Framing Palace in Baltimore: Custom and Ready-Made Framing for Art and Memorabilia

Framing Palace is a full-service framing shop in Baltimore that handles custom matting, glass selection, and frame design for art, posters, photographs, and collectibles, along with a stock of ready-made frames for customers who need faster turnaround or simpler jobs.

What Framing Palace actually is

Framing Palace operates as a hybrid: part custom framing studio, part retail frame retailer. The shop takes on jobs ranging from a single poster to multi-piece gallery walls, museum-quality preservation framing for valuable art, and shadow boxes for sports memorabilia or military insignia. The space stocks approximately 200 frame styles in various finishes (wood, metal, painted) and offers in-house cutting of mats in standard and custom colors, UV-protective glass options, and backing materials suited to different preservation needs. This positions it between big-box retailers like Michaels, which offer basic framing without design consultation, and high-end conservation studios that charge premium rates for archival work on fine art.

Services and pricing

Custom framing starts at approximately $60 to $80 for a simple 8x10 piece (basic frame, standard mat, regular glass) and climbs to $300 to $600 for larger pieces with premium materials like museum glass, acid-free mat board, and hand-selected wood frames. Ready-made frames start at $15 and top out around $100 depending on size and finish. The shop charges for design consultation at the point of sale, credited toward the final order if the customer proceeds. Mat cutting is charged per piece and typically runs $20 to $45 depending on complexity and material grade. Glass options include standard, non-glare, UV-protective, and museum-grade; each adds $10 to $30 to the base price. Most custom orders take two to three weeks; rush service is available at a 25 to 35 percent premium. Prices are set in-house and should be confirmed by phone or visit, as material costs fluctuate.

How it compares to other Baltimore framing options

Michaels (multiple Baltimore locations) offers self-service and in-store framing but limits design input and uses lower-grade materials; costs are typically lower ($40 to $150 for custom work) but so is durability and aesthetic refinement.
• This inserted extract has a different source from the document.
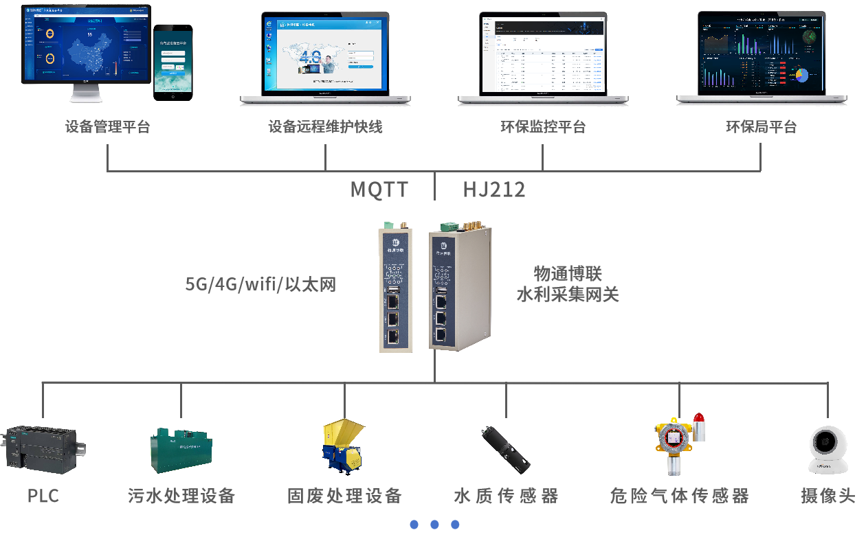 物通博聯(lián)環(huán)保采集網(wǎng)關(guān)可以連接各種環(huán)保設(shè)備、傳感器、儀表、IO數(shù)據(jù)和PLC,通過(guò)MQTT協(xié)議上傳到設(shè)備管理平臺(tái)和通過(guò)HJ212協(xié)議上傳到環(huán)保局監(jiān)控平臺(tái),實(shí)現(xiàn)設(shè)備遠(yuǎn)程監(jiān)控和數(shù)據(jù)分析,為環(huán)境監(jiān)測(cè)和管理提供重要的決策支持。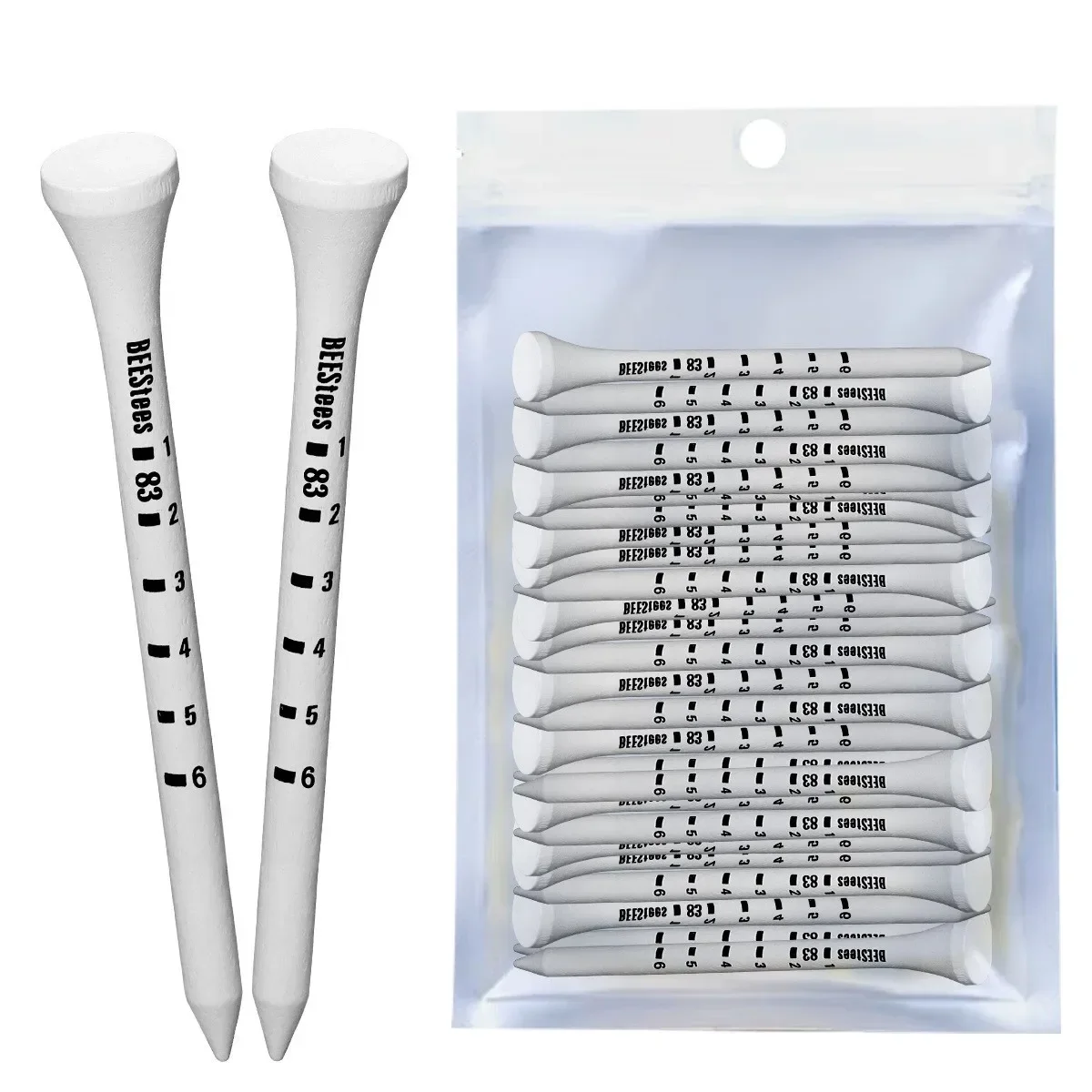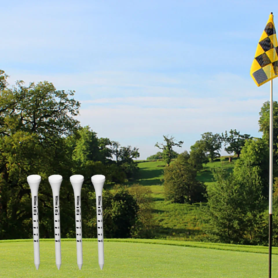 50 Pieces Bamboo Golf Tees 83mm White & Black Adjustable Depth Side Spin Reduction Friction Degree Scale Tees

Ben Franklin Crafts, also in the Baltimore area, operates similarly to Michaels with franchise standardization. For high-end conservation work, institutions like the Walters Art Museum can recommend specialists outside retail framing. Framing Palace sits in the middle: more knowledgeable and flexible than craft retail chains, less expensive and less specialized than museum-affiliated conservators. It suits homeowners, small business owners framing office art, and people with moderately valuable pieces (prints, family photography, local artist work). It does not suit customers needing archival-grade conservation for fine art or collectibles worth tens of thousands of dollars, nor those wanting bare-bones budget framing.

Who it suits and who it does not suit

Framing Palace works well for people with a clear vision of what they want and enough time for custom work; for those framing multiple pieces at once (volume often triggers modest discounts); and for Baltimore residents with local art or photography they want presented professionally. It does not suit last-minute framers (three weeks is standard), budget-conscious shoppers willing to sacrifice design input, or collectors of high-value fine art needing conservation-grade materials and documentation.

What the first visit involves

Bring the piece to be framed or a photograph of it. A staff member will discuss frame finish, mat color, glass type, and backing based on the art's value and purpose. The shop will show samples, provide a written estimate (non-binding until approved), and discuss timeline. Most customers approve the estimate same-day and leave the piece for work; payment is due upon pickup unless prior arrangement is made.

Hours, parking, and logistics

Framing Palace operates Tuesday through Saturday, 10 a.m. to 5 p.m., and Sunday noon to 4 p.m.; closed Mondays. Street parking is available near the storefront with no dedicated lot; the location sits on a block with nearby retail, making public parking typical for the area. Confirm current hours before visiting, as retail hours occasionally shift seasonally. Finished work can be picked up in person or shipped for an additional fee; local delivery is available for large or multiple pieces.

Framing Palace fills the practical gap between mass-market options and expensive conservators, making it the default choice for Baltimore residents who want their art to look intentional without paying specialist prices.